_Your assignment_
Each line of the data must reappear exactly in your answer, with no images included.

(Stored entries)

● ● ●

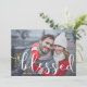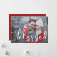 Carte photo de vacances moderne et fantaisiste avec typographie lettrée à la main et arrière - plan de neige rouge et blanc. Il fait partie d'une collection de vacances, "Blessed Whimsical Script". Des éléments correspondants et d'autres couleurs sont disponibles. Joyeuses fêtes !
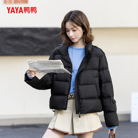 YAYA鸭鸭羽绒服女冬季新款立领90白鸭绒面包服时尚显瘦保暖短外套
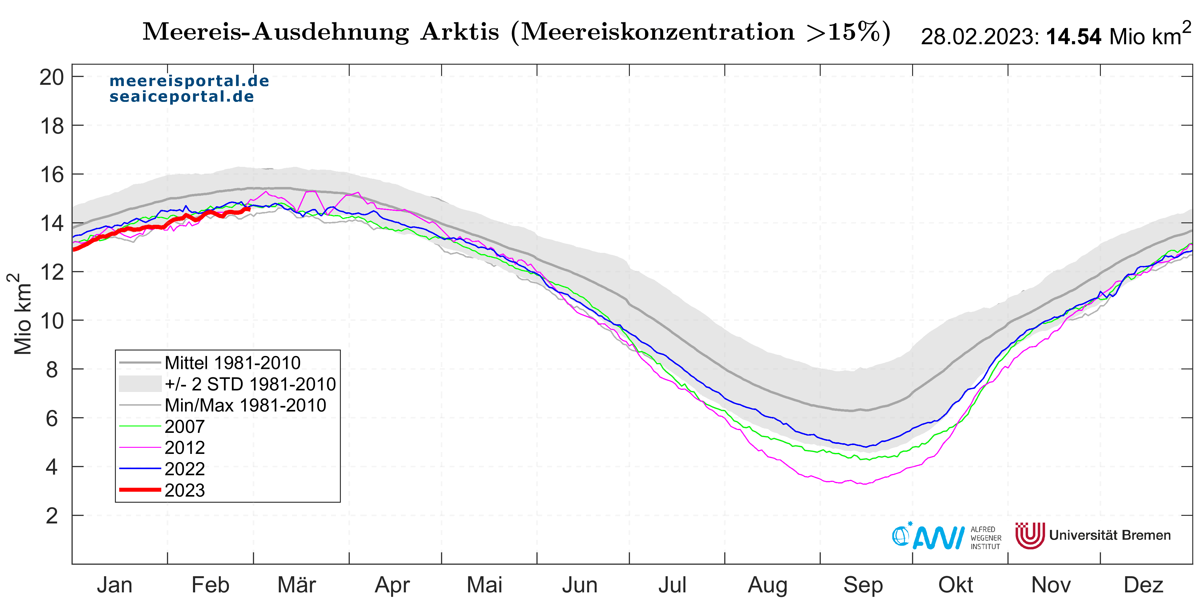 Bleibt zu erwähnen, dass auch die Meereisflächen (extent) der Arktis kräftig wachsen und mit 6,25 Mill. km² deutlich über den Werten mehrerer Vorjahre liegen.
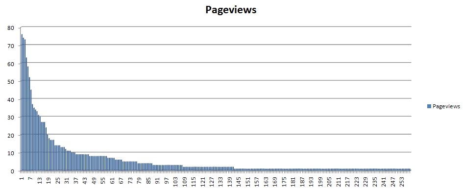 热门内容是在整个访问过程中最受欢迎的页面。上图是网站中热门内容的浏览量趋势图。因为每个访问者的目的都不相同,所以除了最受欢迎的页面之外,还会有很多页面也会被浏览,并且大部分页面获得的浏览量都很少,只有1-2次。这些就是页面访问的长尾,他们充分的表现了真实访客浏览网站的自然性和多样性。同样,对于退出页面也必然会存在这样的长尾,因为访问者会在不同的页面结束访问。
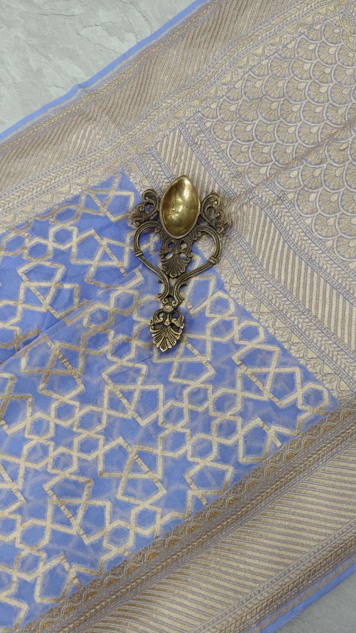 Lilac Banarasi Georgette Silk Saree with Abstract Brocade Jaal and Zari Border | SILK MARK CERTIFIED
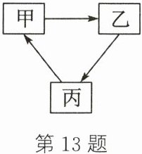 13. 甲、乙、丙的转化关系如图所示(“→”表示反应能一步实现,部分物质和反应条件已略去),则符合要求的甲、乙、丙依次为(

● ● ●

_Answer box_
 Carte photo de vacances moderne et fantaisiste avec typographie lettrée à la main et arrière - plan de neige rouge et blanc. Il fait partie d'une collection de vacances, "Blessed Whimsical Script". Des éléments correspondants et d'autres couleurs sont disponibles. Joyeuses fêtes !
 YAYA鸭鸭羽绒服女冬季新款立领90白鸭绒面包服时尚显瘦保暖短外套
 Bleibt zu erwähnen, dass auch die Meereisflächen (extent) der Arktis kräftig wachsen und mit 6,25 Mill. km² deutlich über den Werten mehrerer Vorjahre liegen.
 热门内容是在整个访问过程中最受欢迎的页面。上图是网站中热门内容的浏览量趋势图。因为每个访问者的目的都不相同,所以除了最受欢迎的页面之外,还会有很多页面也会被浏览,并且大部分页面获得的浏览量都很少,只有1-2次。这些就是页面访问的长尾,他们充分的表现了真实访客浏览网站的自然性和多样性。同样,对于退出页面也必然会存在这样的长尾,因为访问者会在不同的页面结束访问。
 Lilac Banarasi Georgette Silk Saree with Abstract Brocade Jaal and Zari Border | SILK MARK CERTIFIED
 13. 甲、乙、丙的转化关系如图所示(“→”表示反应能一步实现,部分物质和反应条件已略去),则符合要求的甲、乙、丙依次为(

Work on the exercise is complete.